• Your assignment
Output all of the data below without changing a word, and exclude the pictures.

[[ Data below, beginning ]]

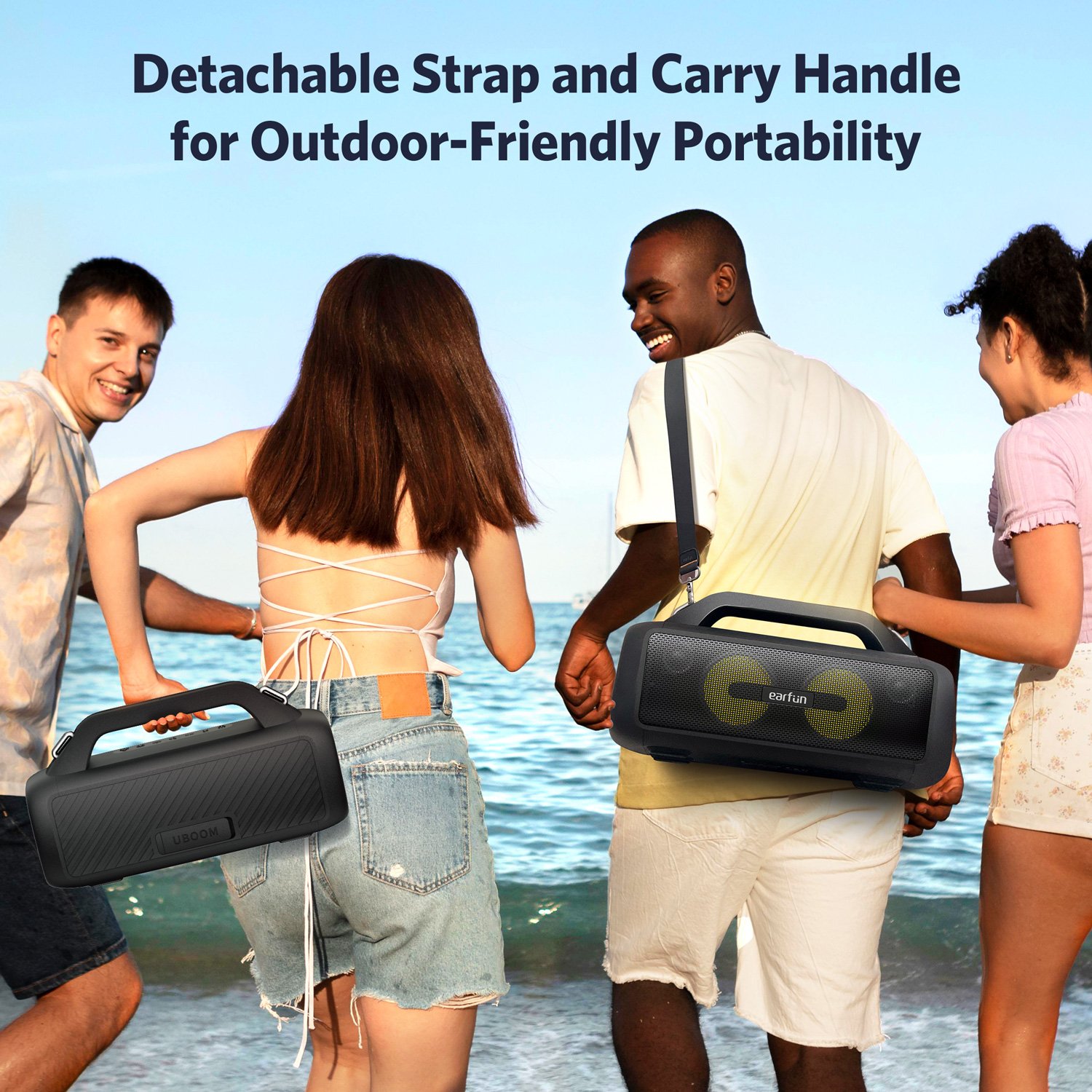 IP67 წყალგამძლე და მტვრისგან დაცული UBOOM X შექმნილია გარე გამოყენებისთვის – SweatShield ტექნოლოგია იცავს ტენიანობისა და მტვრისგან. კომპლექტში შესული სახელური ქმნის მეტ კომფორტს – იდეალურია სანაპიროზე, აუზზე ან ნებისმიერ თავშეყრის ადგილას წასაღებად.
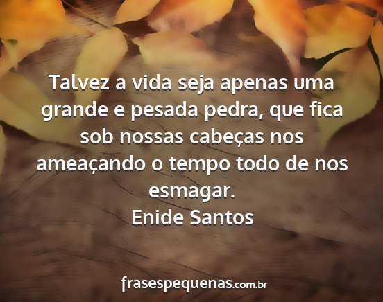 Talvez a vida seja apenas uma grande e pesada pedra, que fica sob nossas cabeças nos ameaçando o tempo todo de nos esmagar.Enide Santos
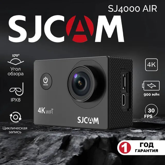 1. ⭐ Экшн камера SJCam SJ4000 Air черная с креплением, водонепроницаемая 4K Ultra HD

[[ Data below, end ]]

• Task output
 IP67 წყალგამძლე და მტვრისგან დაცული UBOOM X შექმნილია გარე გამოყენებისთვის – SweatShield ტექნოლოგია იცავს ტენიანობისა და მტვრისგან. კომპლექტში შესული სახელური ქმნის მეტ კომფორტს – იდეალურია სანაპიროზე, აუზზე ან ნებისმიერ თავშეყრის ადგილას წასაღებად.
 Talvez a vida seja apenas uma grande e pesada pedra, que fica sob nossas cabeças nos ameaçando o tempo todo de nos esmagar.Enide Santos
 1. ⭐ Экшн камера SJCam SJ4000 Air черная с креплением, водонепроницаемая 4K Ultra HD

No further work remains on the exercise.